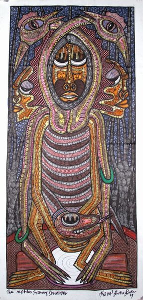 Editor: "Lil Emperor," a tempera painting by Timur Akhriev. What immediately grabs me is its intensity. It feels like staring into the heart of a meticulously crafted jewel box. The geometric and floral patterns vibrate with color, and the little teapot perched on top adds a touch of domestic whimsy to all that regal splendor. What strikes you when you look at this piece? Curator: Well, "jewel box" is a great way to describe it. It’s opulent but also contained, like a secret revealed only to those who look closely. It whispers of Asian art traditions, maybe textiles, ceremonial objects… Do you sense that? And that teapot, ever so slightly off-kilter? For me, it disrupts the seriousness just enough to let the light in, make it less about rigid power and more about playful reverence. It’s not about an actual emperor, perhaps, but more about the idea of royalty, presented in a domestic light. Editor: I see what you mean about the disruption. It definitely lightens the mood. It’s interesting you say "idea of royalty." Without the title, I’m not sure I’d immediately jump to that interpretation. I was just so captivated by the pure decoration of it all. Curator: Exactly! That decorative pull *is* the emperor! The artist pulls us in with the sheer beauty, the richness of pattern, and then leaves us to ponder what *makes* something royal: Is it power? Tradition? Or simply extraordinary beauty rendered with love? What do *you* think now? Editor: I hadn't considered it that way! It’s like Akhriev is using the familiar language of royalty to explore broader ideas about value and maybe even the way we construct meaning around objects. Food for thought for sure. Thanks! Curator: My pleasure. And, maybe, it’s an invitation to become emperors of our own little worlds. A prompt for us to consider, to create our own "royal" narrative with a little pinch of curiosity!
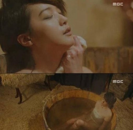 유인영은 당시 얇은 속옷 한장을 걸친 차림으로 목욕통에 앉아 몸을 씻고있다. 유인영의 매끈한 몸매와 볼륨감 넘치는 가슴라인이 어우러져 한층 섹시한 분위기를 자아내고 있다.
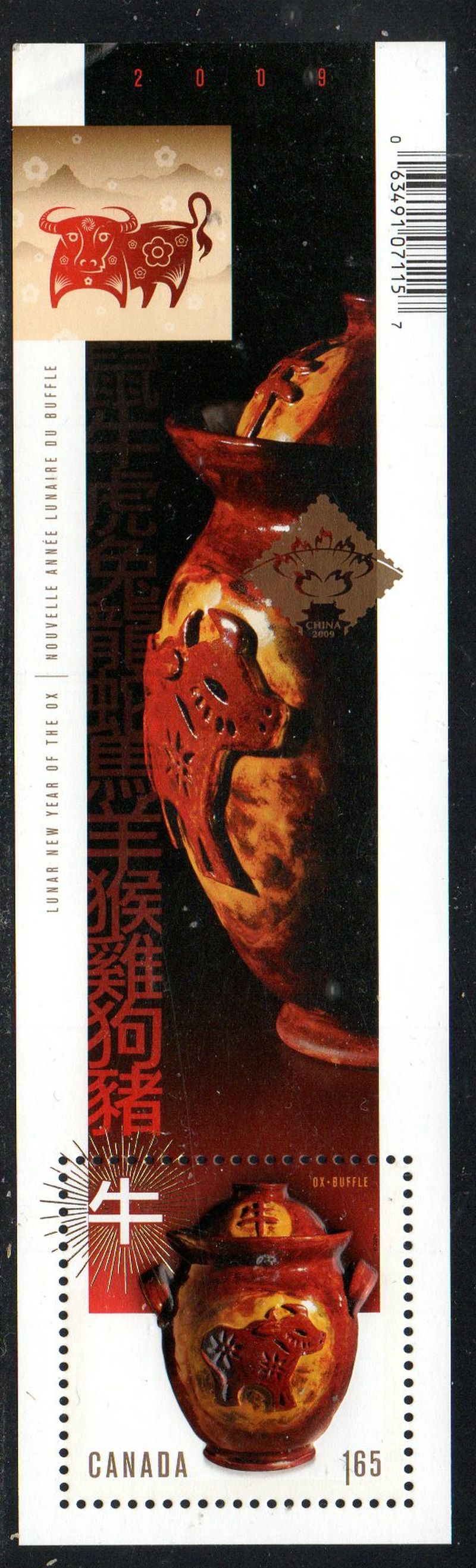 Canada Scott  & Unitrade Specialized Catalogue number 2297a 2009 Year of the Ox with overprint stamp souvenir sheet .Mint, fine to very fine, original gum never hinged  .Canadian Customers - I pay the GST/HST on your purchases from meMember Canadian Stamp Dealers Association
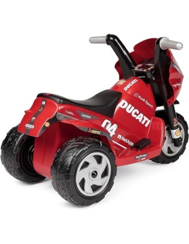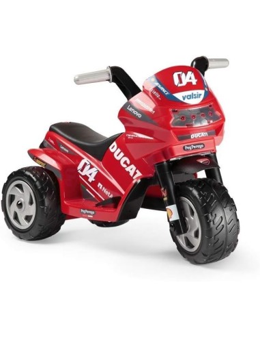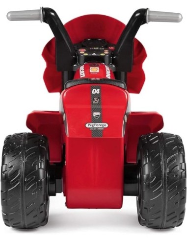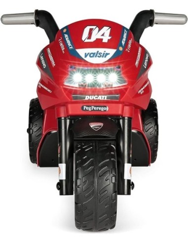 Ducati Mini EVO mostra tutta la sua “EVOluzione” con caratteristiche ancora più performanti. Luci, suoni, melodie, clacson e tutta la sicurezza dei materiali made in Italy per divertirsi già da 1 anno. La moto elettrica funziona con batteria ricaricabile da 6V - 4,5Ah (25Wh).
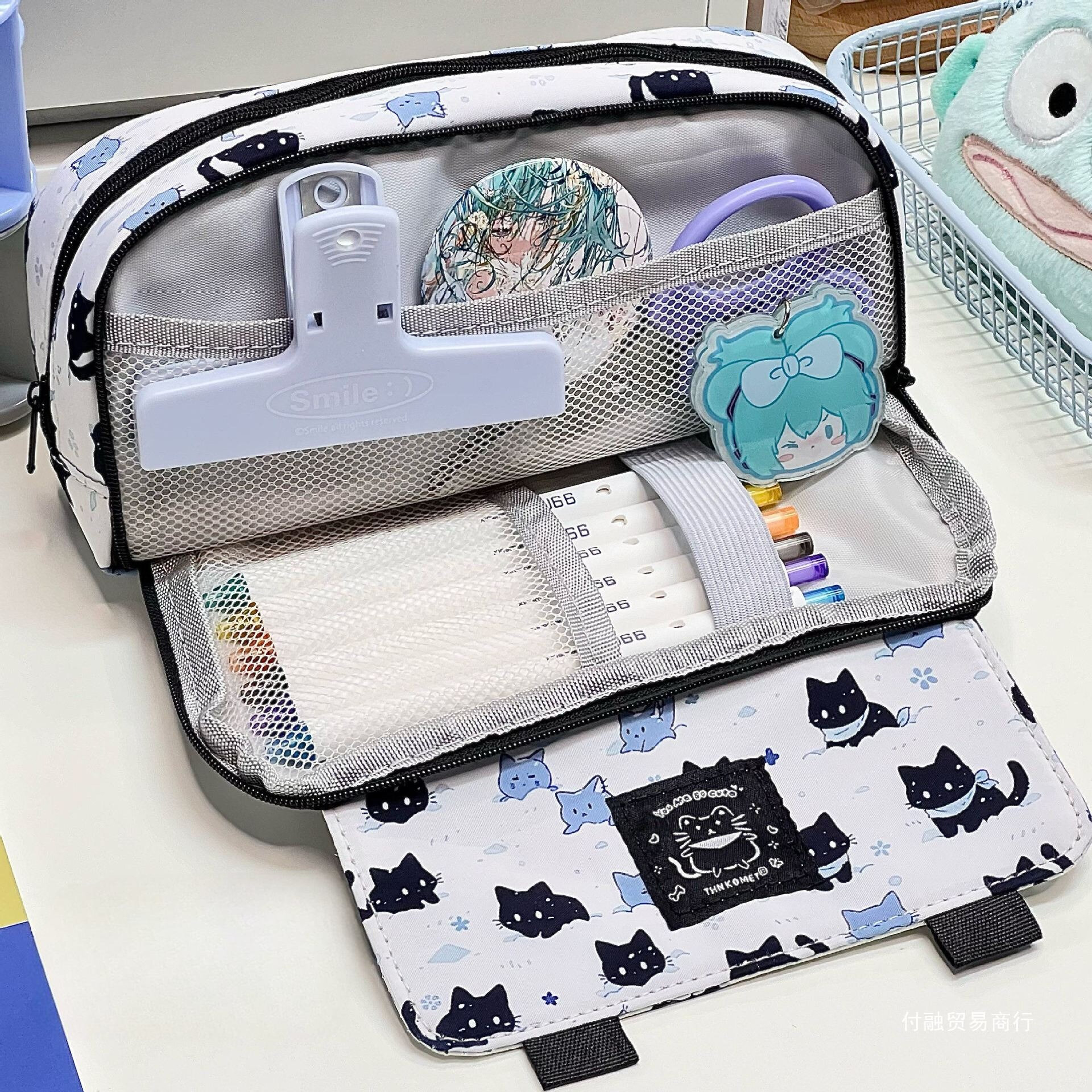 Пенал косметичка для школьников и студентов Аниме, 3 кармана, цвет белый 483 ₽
+ + + +
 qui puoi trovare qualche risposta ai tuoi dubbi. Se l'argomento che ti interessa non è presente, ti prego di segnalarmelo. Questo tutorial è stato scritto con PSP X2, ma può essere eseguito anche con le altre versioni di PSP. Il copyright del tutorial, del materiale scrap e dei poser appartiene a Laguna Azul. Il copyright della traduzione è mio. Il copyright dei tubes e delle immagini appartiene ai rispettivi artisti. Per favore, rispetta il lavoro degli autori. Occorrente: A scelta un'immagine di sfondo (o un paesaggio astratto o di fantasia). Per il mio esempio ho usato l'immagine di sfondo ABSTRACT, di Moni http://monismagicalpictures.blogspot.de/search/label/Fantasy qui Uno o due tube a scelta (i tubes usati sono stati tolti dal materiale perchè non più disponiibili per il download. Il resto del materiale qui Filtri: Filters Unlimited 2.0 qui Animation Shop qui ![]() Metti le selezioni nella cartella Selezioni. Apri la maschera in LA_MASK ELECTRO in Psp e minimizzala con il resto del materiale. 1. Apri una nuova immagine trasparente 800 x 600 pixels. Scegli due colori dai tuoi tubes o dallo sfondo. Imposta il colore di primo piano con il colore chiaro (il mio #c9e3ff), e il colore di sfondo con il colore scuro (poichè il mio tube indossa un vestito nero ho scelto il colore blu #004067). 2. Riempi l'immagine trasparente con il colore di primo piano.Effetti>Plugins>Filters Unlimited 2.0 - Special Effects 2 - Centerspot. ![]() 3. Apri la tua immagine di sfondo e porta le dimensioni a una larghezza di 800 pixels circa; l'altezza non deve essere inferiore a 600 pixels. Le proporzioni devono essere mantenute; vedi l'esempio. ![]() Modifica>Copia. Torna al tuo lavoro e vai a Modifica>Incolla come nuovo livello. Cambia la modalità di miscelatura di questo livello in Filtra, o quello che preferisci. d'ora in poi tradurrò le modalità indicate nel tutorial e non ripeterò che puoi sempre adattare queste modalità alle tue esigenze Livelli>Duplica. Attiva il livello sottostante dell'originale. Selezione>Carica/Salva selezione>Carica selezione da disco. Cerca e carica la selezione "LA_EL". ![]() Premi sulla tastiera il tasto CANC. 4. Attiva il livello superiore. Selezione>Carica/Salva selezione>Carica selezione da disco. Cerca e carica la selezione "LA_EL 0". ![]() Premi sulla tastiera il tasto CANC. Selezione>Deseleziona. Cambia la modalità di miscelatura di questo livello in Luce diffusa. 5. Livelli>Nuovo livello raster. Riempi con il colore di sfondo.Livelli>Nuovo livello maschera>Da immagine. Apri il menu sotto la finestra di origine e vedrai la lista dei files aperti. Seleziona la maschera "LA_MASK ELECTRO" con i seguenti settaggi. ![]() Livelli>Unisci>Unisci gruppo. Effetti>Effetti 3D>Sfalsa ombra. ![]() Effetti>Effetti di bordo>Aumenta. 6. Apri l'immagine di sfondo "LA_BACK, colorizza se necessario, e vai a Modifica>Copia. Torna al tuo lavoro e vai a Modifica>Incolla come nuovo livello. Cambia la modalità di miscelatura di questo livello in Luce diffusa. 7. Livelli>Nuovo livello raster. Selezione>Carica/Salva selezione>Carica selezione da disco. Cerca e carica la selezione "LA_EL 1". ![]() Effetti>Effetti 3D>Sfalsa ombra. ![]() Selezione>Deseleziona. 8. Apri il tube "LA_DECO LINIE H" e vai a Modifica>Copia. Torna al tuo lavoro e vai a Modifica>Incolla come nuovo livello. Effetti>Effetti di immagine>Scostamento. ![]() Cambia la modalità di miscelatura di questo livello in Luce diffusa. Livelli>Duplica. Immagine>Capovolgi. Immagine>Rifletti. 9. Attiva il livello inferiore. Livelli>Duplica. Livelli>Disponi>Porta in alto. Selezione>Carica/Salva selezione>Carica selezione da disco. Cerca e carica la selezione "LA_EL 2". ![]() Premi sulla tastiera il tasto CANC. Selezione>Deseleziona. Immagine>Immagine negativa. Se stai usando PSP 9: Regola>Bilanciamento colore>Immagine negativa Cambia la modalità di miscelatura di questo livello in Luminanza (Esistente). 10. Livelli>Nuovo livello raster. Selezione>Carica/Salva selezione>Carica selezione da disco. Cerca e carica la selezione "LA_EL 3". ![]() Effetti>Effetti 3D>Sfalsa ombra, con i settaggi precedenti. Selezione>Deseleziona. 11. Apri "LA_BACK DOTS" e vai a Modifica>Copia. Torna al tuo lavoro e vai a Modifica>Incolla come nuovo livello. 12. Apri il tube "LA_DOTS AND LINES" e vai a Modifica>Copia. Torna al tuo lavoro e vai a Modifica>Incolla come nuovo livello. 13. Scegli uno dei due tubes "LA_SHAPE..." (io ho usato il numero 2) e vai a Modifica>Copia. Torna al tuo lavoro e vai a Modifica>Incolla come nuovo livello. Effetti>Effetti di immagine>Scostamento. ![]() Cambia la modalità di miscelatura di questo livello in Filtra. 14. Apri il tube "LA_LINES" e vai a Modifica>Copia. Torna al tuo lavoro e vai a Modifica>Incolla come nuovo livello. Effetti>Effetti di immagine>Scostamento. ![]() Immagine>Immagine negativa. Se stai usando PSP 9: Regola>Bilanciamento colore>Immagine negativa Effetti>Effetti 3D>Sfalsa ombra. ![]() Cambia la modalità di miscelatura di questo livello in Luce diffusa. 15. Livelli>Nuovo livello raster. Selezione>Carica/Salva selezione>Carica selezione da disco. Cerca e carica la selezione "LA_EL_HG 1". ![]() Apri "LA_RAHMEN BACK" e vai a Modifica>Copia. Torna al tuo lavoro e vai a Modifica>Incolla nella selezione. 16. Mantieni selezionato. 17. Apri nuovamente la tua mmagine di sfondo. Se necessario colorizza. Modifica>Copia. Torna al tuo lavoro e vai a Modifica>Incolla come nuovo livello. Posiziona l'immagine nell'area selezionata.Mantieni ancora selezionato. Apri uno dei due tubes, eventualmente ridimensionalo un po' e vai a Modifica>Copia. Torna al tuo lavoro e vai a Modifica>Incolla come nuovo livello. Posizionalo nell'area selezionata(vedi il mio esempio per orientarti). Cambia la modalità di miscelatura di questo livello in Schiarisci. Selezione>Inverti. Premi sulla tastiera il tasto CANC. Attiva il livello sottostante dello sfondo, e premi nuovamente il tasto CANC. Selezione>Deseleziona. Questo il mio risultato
+ + + +
WORK REQUEST:
Beginning at the line above that contains "유인영은 당시 얇은 속옷", repeat each line exactly through the one that contains "Пенал косметичка для", and leave out the pictures.

PROBLEM SOLUTION:
 유인영은 당시 얇은 속옷 한장을 걸친 차림으로 목욕통에 앉아 몸을 씻고있다. 유인영의 매끈한 몸매와 볼륨감 넘치는 가슴라인이 어우러져 한층 섹시한 분위기를 자아내고 있다.
 Canada Scott  & Unitrade Specialized Catalogue number 2297a 2009 Year of the Ox with overprint stamp souvenir sheet .Mint, fine to very fine, original gum never hinged  .Canadian Customers - I pay the GST/HST on your purchases from meMember Canadian Stamp Dealers Association
 Ducati Mini EVO mostra tutta la sua “EVOluzione” con caratteristiche ancora più performanti. Luci, suoni, melodie, clacson e tutta la sicurezza dei materiali made in Italy per divertirsi già da 1 anno. La moto elettrica funziona con batteria ricaricabile da 6V - 4,5Ah (25Wh).
 Пенал косметичка для школьников и студентов Аниме, 3 кармана, цвет белый 483 ₽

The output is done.